* **PROBLEM**:
Would you set down each line of the data below exactly?

* **INFORMATION SHOWN**:
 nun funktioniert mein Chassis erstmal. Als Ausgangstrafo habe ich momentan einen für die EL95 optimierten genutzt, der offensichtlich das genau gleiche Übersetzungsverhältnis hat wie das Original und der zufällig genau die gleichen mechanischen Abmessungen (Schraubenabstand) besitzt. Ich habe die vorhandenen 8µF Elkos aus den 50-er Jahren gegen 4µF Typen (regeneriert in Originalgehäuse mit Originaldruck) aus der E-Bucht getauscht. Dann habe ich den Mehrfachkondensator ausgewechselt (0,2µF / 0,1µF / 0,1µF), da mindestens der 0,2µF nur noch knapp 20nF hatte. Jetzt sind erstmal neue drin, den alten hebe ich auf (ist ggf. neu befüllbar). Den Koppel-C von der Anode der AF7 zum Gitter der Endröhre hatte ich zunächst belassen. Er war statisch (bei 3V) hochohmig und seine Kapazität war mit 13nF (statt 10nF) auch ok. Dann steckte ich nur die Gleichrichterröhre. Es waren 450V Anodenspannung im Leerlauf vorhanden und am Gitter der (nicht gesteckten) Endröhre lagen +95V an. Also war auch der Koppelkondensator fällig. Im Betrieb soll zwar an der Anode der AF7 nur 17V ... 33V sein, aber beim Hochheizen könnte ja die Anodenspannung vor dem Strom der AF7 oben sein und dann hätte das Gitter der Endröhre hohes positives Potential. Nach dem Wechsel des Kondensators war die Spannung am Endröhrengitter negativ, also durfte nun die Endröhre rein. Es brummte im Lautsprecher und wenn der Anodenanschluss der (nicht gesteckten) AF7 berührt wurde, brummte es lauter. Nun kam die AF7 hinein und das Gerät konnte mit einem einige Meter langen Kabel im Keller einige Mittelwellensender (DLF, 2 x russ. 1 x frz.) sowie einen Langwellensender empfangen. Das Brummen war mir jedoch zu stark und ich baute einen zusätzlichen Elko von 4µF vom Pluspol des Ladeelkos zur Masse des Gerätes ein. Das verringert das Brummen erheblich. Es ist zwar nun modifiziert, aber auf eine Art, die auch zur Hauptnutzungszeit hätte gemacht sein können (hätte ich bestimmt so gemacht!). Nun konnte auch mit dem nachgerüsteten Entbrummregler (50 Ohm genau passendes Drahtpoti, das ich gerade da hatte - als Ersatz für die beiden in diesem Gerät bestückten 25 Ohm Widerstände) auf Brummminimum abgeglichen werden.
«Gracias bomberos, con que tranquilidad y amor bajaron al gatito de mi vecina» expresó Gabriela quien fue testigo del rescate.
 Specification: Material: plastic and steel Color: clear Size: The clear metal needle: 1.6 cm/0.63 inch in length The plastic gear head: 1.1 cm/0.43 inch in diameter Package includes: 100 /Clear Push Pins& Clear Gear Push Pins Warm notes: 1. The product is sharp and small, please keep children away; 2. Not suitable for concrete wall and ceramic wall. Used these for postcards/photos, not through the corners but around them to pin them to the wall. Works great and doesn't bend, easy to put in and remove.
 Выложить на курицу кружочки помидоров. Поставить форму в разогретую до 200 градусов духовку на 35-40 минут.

* **FINAL ANSWER**:
 nun funktioniert mein Chassis erstmal. Als Ausgangstrafo habe ich momentan einen für die EL95 optimierten genutzt, der offensichtlich das genau gleiche Übersetzungsverhältnis hat wie das Original und der zufällig genau die gleichen mechanischen Abmessungen (Schraubenabstand) besitzt. Ich habe die vorhandenen 8µF Elkos aus den 50-er Jahren gegen 4µF Typen (regeneriert in Originalgehäuse mit Originaldruck) aus der E-Bucht getauscht. Dann habe ich den Mehrfachkondensator ausgewechselt (0,2µF / 0,1µF / 0,1µF), da mindestens der 0,2µF nur noch knapp 20nF hatte. Jetzt sind erstmal neue drin, den alten hebe ich auf (ist ggf. neu befüllbar). Den Koppel-C von der Anode der AF7 zum Gitter der Endröhre hatte ich zunächst belassen. Er war statisch (bei 3V) hochohmig und seine Kapazität war mit 13nF (statt 10nF) auch ok. Dann steckte ich nur die Gleichrichterröhre. Es waren 450V Anodenspannung im Leerlauf vorhanden und am Gitter der (nicht gesteckten) Endröhre lagen +95V an. Also war auch der Koppelkondensator fällig. Im Betrieb soll zwar an der Anode der AF7 nur 17V ... 33V sein, aber beim Hochheizen könnte ja die Anodenspannung vor dem Strom der AF7 oben sein und dann hätte das Gitter der Endröhre hohes positives Potential. Nach dem Wechsel des Kondensators war die Spannung am Endröhrengitter negativ, also durfte nun die Endröhre rein. Es brummte im Lautsprecher und wenn der Anodenanschluss der (nicht gesteckten) AF7 berührt wurde, brummte es lauter. Nun kam die AF7 hinein und das Gerät konnte mit einem einige Meter langen Kabel im Keller einige Mittelwellensender (DLF, 2 x russ. 1 x frz.) sowie einen Langwellensender empfangen. Das Brummen war mir jedoch zu stark und ich baute einen zusätzlichen Elko von 4µF vom Pluspol des Ladeelkos zur Masse des Gerätes ein. Das verringert das Brummen erheblich. Es ist zwar nun modifiziert, aber auf eine Art, die auch zur Hauptnutzungszeit hätte gemacht sein können (hätte ich bestimmt so gemacht!). Nun konnte auch mit dem nachgerüsteten Entbrummregler (50 Ohm genau passendes Drahtpoti, das ich gerade da hatte - als Ersatz für die beiden in diesem Gerät bestückten 25 Ohm Widerstände) auf Brummminimum abgeglichen werden.
«Gracias bomberos, con que tranquilidad y amor bajaron al gatito de mi vecina» expresó Gabriela quien fue testigo del rescate.
 Specification: Material: plastic and steel Color: clear Size: The clear metal needle: 1.6 cm/0.63 inch in length The plastic gear head: 1.1 cm/0.43 inch in diameter Package includes: 100 /Clear Push Pins& Clear Gear Push Pins Warm notes: 1. The product is sharp and small, please keep children away; 2. Not suitable for concrete wall and ceramic wall. Used these for postcards/photos, not through the corners but around them to pin them to the wall. Works great and doesn't bend, easy to put in and remove.
 Выложить на курицу кружочки помидоров. Поставить форму в разогретую до 200 градусов духовку на 35-40 минут.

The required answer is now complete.